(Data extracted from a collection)
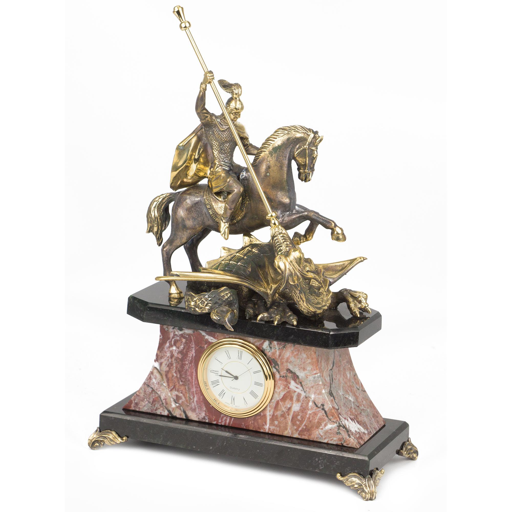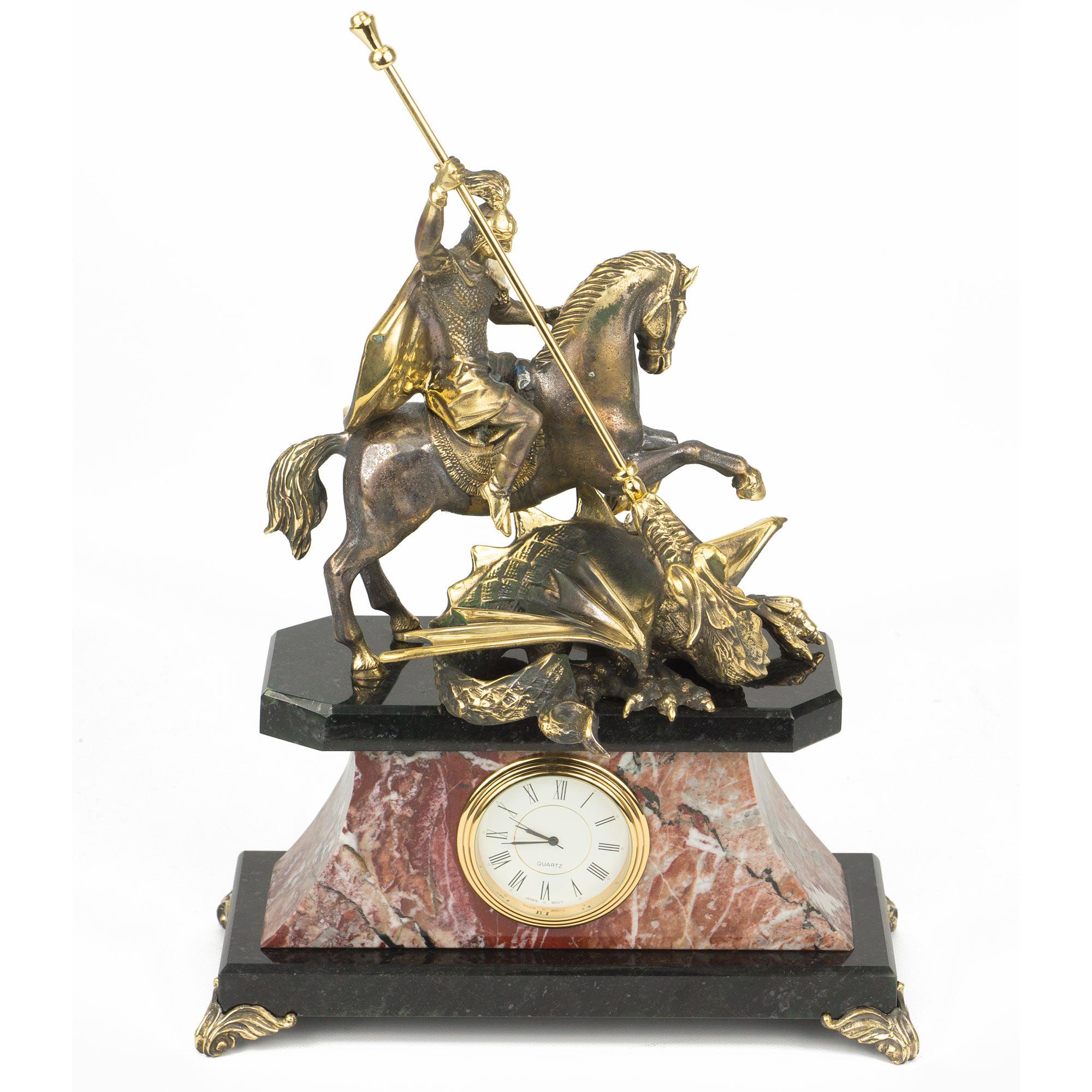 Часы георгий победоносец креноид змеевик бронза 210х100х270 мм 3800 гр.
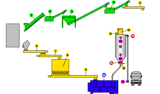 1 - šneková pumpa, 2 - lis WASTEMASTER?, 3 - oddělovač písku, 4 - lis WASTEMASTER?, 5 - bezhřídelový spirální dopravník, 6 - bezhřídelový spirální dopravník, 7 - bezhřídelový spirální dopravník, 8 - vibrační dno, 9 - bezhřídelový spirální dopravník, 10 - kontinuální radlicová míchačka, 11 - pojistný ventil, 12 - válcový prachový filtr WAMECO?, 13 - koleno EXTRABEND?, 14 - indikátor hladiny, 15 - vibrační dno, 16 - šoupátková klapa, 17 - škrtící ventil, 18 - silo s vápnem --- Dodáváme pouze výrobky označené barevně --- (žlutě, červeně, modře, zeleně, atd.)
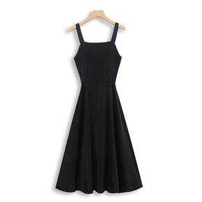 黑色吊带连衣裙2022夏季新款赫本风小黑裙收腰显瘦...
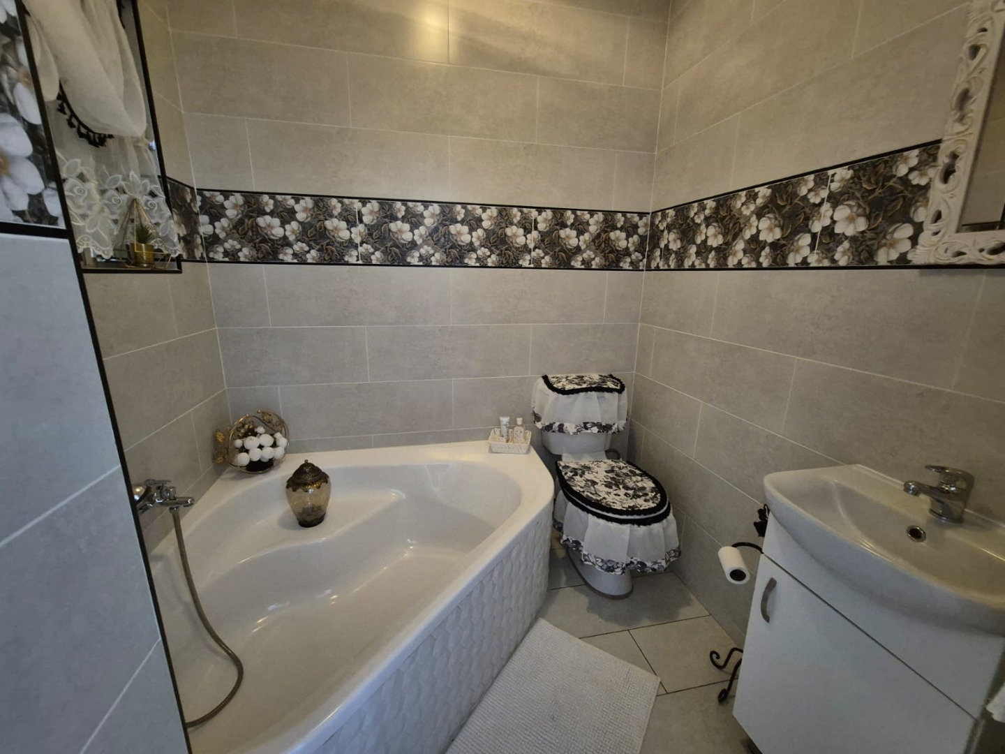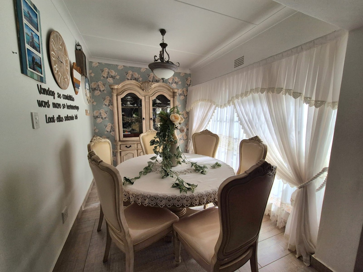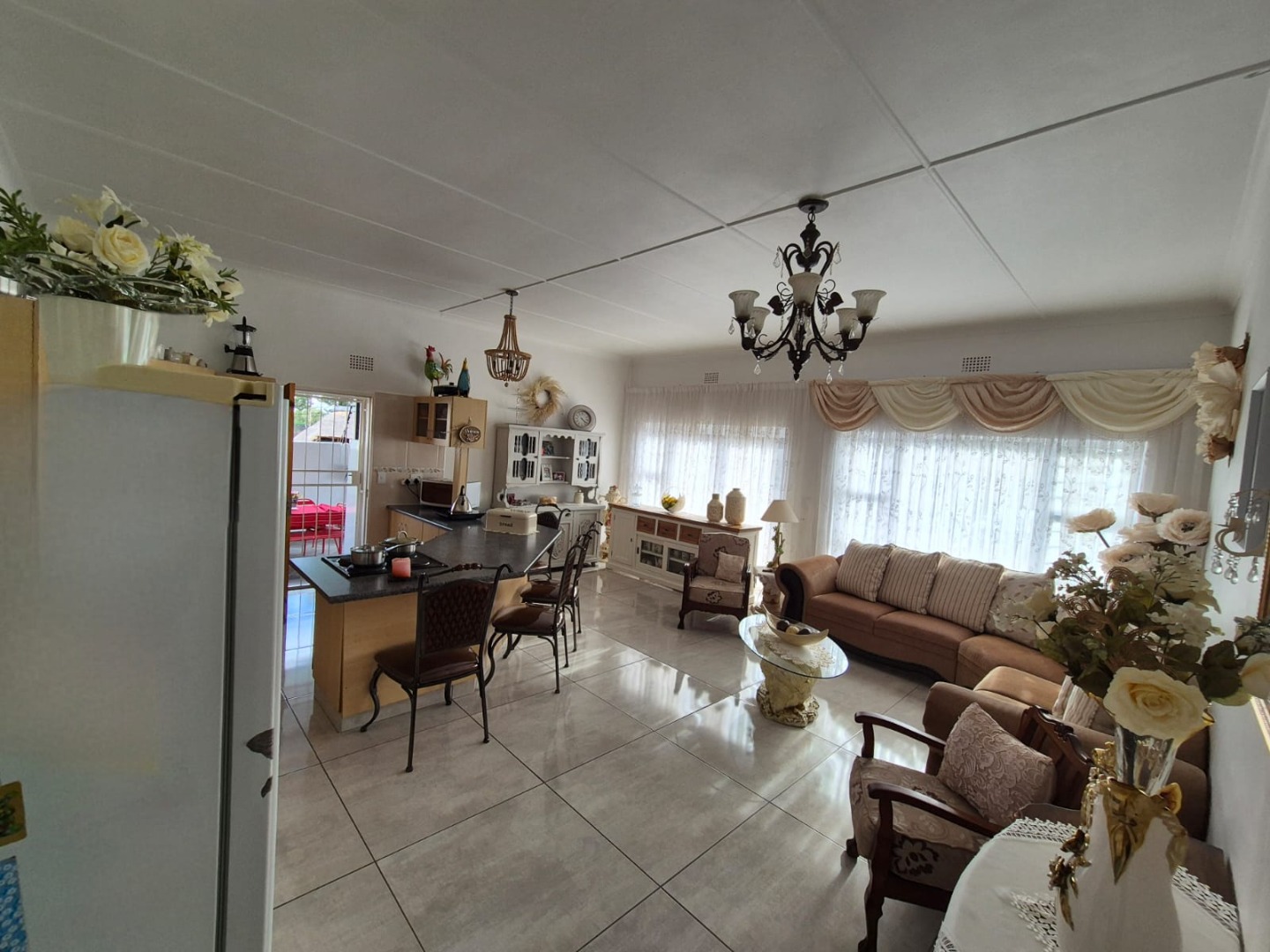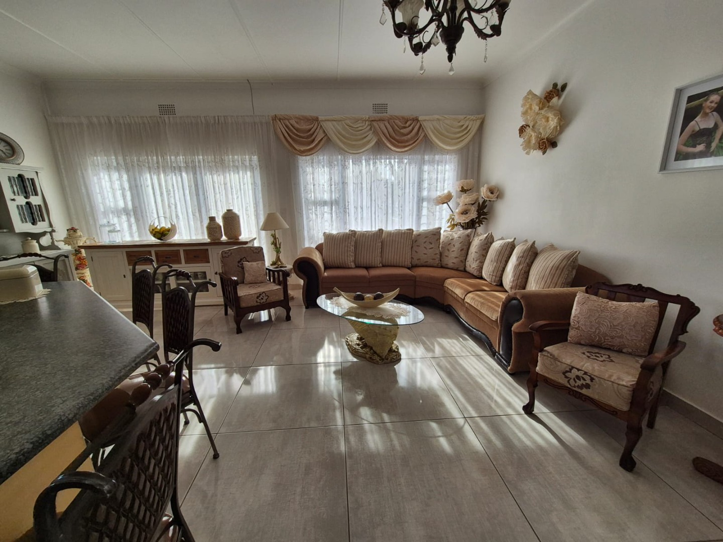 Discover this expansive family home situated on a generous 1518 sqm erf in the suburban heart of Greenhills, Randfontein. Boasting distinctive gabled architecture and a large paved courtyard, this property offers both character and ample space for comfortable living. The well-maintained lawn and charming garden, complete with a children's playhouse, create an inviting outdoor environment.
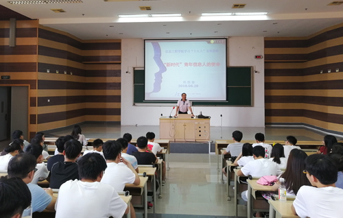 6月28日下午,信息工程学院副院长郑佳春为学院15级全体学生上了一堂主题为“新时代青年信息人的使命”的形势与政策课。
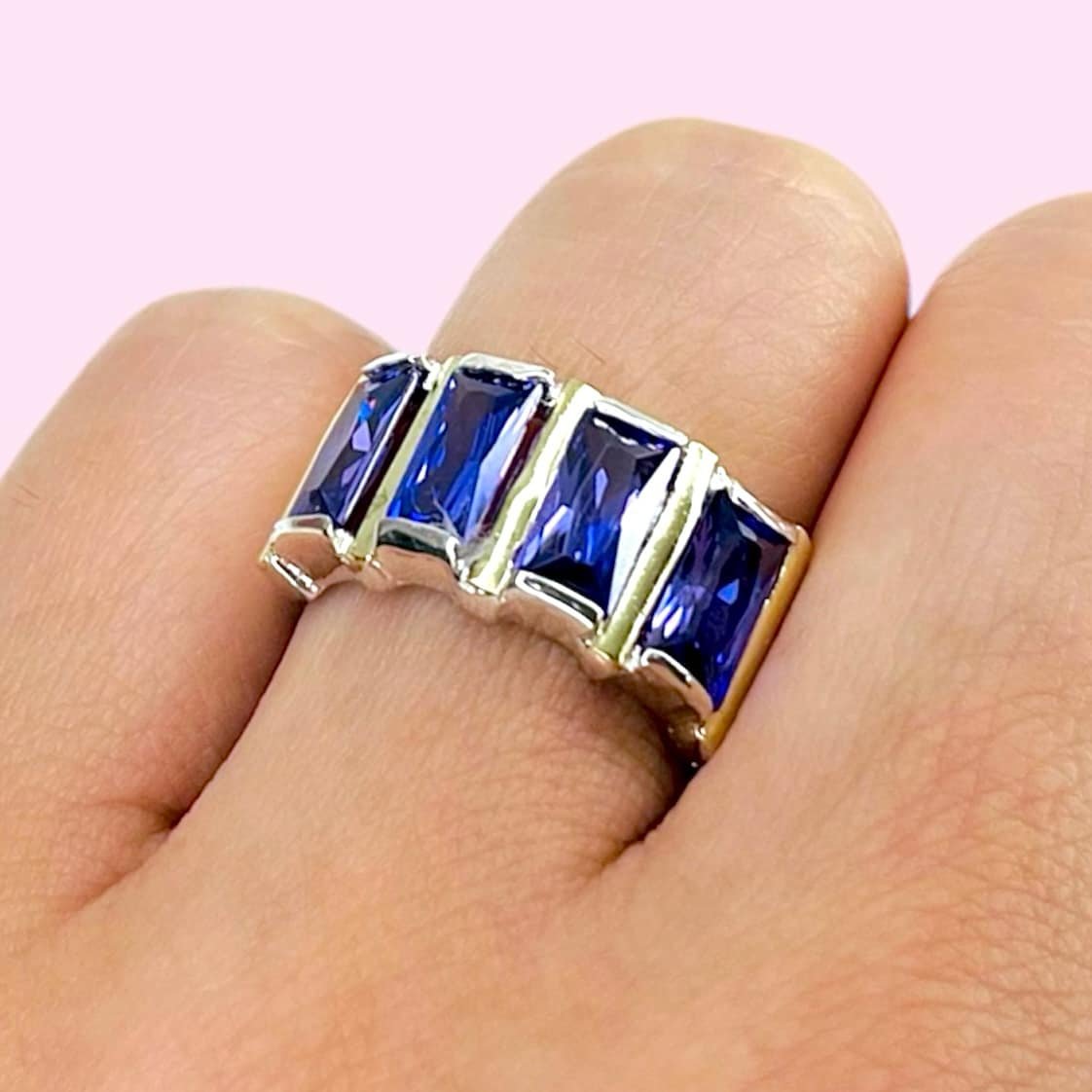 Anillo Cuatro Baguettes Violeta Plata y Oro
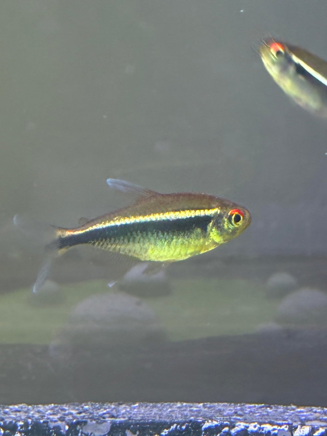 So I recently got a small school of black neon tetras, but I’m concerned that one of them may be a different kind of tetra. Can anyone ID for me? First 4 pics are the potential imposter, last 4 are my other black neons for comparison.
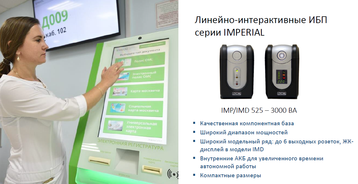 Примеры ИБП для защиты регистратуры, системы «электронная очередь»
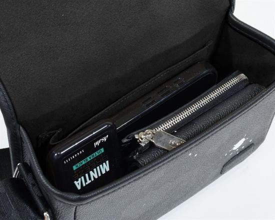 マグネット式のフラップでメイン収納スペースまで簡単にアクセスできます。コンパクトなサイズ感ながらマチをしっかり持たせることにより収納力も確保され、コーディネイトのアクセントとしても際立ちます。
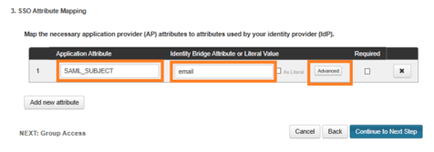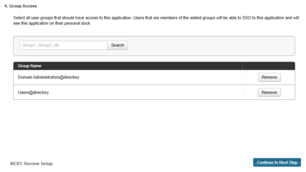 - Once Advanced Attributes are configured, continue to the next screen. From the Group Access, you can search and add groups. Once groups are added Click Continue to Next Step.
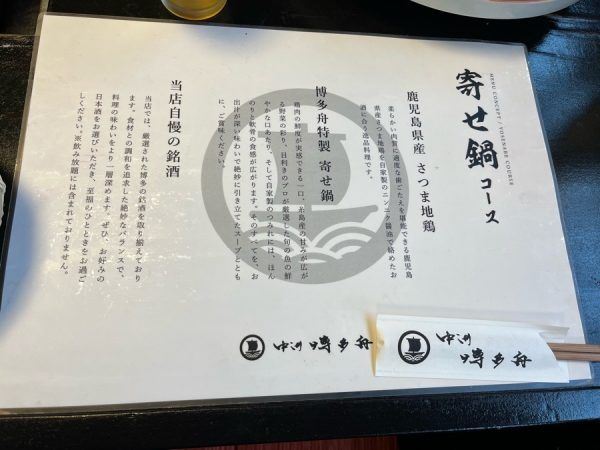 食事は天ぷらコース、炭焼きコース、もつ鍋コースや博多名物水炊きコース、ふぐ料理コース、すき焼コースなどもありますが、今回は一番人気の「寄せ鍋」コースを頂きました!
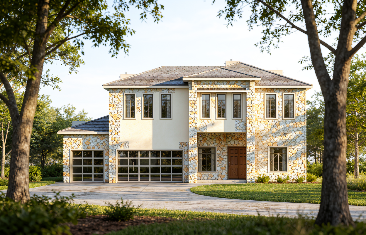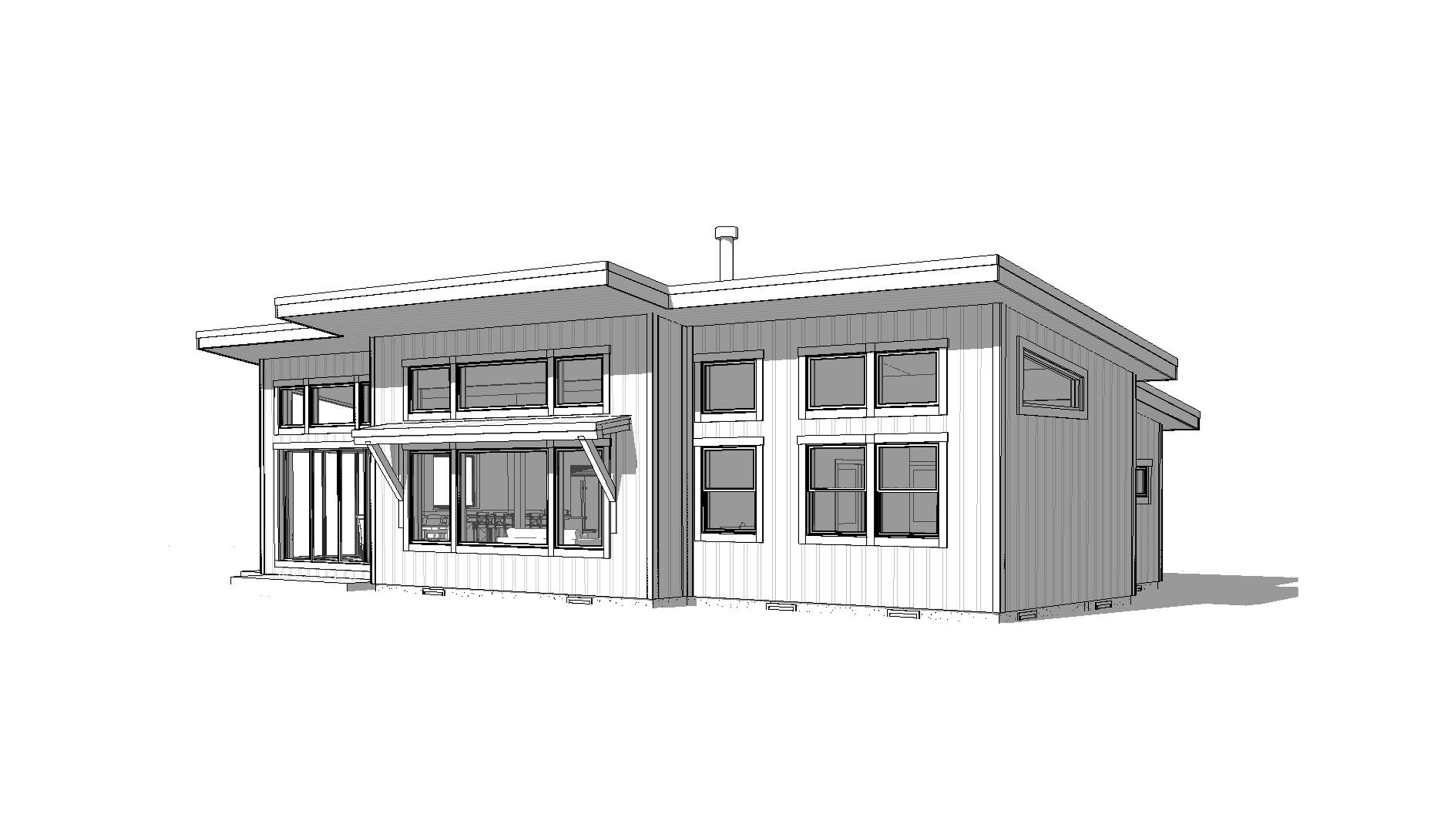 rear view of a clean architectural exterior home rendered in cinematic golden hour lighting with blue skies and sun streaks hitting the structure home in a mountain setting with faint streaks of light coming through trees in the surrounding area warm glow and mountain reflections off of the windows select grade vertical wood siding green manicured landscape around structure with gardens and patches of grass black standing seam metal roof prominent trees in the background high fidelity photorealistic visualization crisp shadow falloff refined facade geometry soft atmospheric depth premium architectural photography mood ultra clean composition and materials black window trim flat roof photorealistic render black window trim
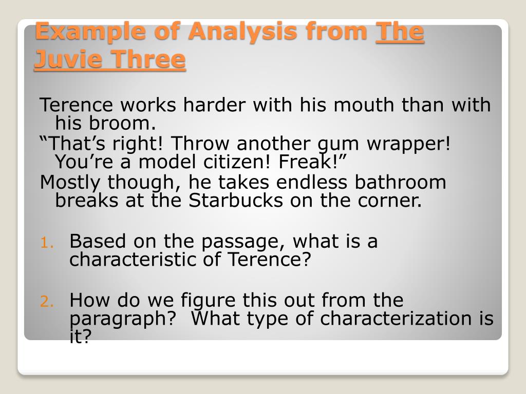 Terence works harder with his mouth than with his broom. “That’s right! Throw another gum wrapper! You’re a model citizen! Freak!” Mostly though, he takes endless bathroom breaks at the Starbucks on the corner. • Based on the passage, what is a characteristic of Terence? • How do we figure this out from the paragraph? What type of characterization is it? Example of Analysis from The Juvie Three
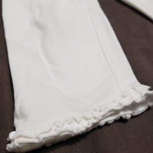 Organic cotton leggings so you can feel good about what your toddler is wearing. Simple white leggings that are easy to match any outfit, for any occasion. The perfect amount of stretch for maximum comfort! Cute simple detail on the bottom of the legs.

Exercise details: None of the pictures should appear; repeat the records exactly otherwise.

Response below:
 Часы георгий победоносец креноид змеевик бронза 210х100х270 мм 3800 гр.
 1 - šneková pumpa, 2 - lis WASTEMASTER?, 3 - oddělovač písku, 4 - lis WASTEMASTER?, 5 - bezhřídelový spirální dopravník, 6 - bezhřídelový spirální dopravník, 7 - bezhřídelový spirální dopravník, 8 - vibrační dno, 9 - bezhřídelový spirální dopravník, 10 - kontinuální radlicová míchačka, 11 - pojistný ventil, 12 - válcový prachový filtr WAMECO?, 13 - koleno EXTRABEND?, 14 - indikátor hladiny, 15 - vibrační dno, 16 - šoupátková klapa, 17 - škrtící ventil, 18 - silo s vápnem --- Dodáváme pouze výrobky označené barevně --- (žlutě, červeně, modře, zeleně, atd.)
 黑色吊带连衣裙2022夏季新款赫本风小黑裙收腰显瘦...
 Discover this expansive family home situated on a generous 1518 sqm erf in the suburban heart of Greenhills, Randfontein. Boasting distinctive gabled architecture and a large paved courtyard, this property offers both character and ample space for comfortable living. The well-maintained lawn and charming garden, complete with a children's playhouse, create an inviting outdoor environment.
 6月28日下午,信息工程学院副院长郑佳春为学院15级全体学生上了一堂主题为“新时代青年信息人的使命”的形势与政策课。
 Anillo Cuatro Baguettes Violeta Plata y Oro
 So I recently got a small school of black neon tetras, but I’m concerned that one of them may be a different kind of tetra. Can anyone ID for me? First 4 pics are the potential imposter, last 4 are my other black neons for comparison.
 Примеры ИБП для защиты регистратуры, системы «электронная очередь»
 マグネット式のフラップでメイン収納スペースまで簡単にアクセスできます。コンパクトなサイズ感ながらマチをしっかり持たせることにより収納力も確保され、コーディネイトのアクセントとしても際立ちます。
 - Once Advanced Attributes are configured, continue to the next screen. From the Group Access, you can search and add groups. Once groups are added Click Continue to Next Step.
 食事は天ぷらコース、炭焼きコース、もつ鍋コースや博多名物水炊きコース、ふぐ料理コース、すき焼コースなどもありますが、今回は一番人気の「寄せ鍋」コースを頂きました!
 rear view of a clean architectural exterior home rendered in cinematic golden hour lighting with blue skies and sun streaks hitting the structure home in a mountain setting with faint streaks of light coming through trees in the surrounding area warm glow and mountain reflections off of the windows select grade vertical wood siding green manicured landscape around structure with gardens and patches of grass black standing seam metal roof prominent trees in the background high fidelity photorealistic visualization crisp shadow falloff refined facade geometry soft atmospheric depth premium architectural photography mood ultra clean composition and materials black window trim flat roof photorealistic render black window trim
 Terence works harder with his mouth than with his broom. “That’s right! Throw another gum wrapper! You’re a model citizen! Freak!” Mostly though, he takes endless bathroom breaks at the Starbucks on the corner. • Based on the passage, what is a characteristic of Terence? • How do we figure this out from the paragraph? What type of characterization is it? Example of Analysis from The Juvie Three
 Organic cotton leggings so you can feel good about what your toddler is wearing. Simple white leggings that are easy to match any outfit, for any occasion. The perfect amount of stretch for maximum comfort! Cute simple detail on the bottom of the legs.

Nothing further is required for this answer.